Top of Records to use
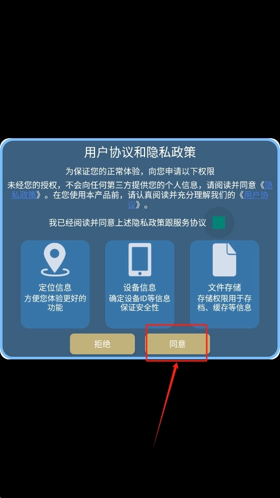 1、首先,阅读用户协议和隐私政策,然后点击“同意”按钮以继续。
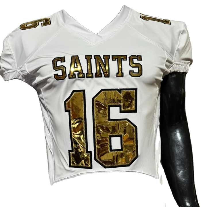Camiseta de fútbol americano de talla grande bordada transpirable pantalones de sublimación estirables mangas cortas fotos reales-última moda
Bottom of Records to use
Top of Records to use
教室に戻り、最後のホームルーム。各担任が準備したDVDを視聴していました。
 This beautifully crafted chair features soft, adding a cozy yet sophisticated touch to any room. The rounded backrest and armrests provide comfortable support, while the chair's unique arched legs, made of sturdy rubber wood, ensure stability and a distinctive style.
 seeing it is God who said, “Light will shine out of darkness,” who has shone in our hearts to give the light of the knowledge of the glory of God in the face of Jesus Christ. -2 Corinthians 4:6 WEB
Bottom of Records to use
Top of Records to use
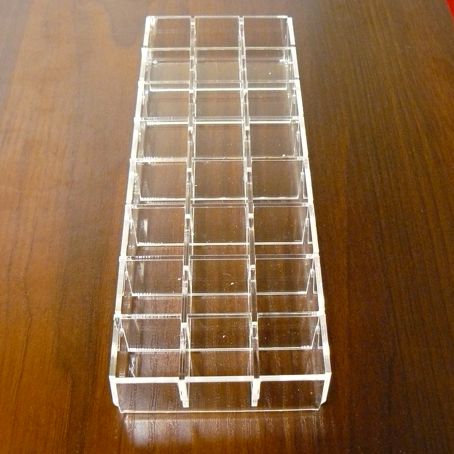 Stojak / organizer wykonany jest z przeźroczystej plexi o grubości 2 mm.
Bottom of Records to use
Please make an exact copy of the lines above from the line with "This beautifully crafted" through the line with "seeing it is", both ends included.

 This beautifully crafted chair features soft, adding a cozy yet sophisticated touch to any room. The rounded backrest and armrests provide comfortable support, while the chair's unique arched legs, made of sturdy rubber wood, ensure stability and a distinctive style.
 seeing it is God who said, “Light will shine out of darkness,” who has shone in our hearts to give the light of the knowledge of the glory of God in the face of Jesus Christ. -2 Corinthians 4:6 WEB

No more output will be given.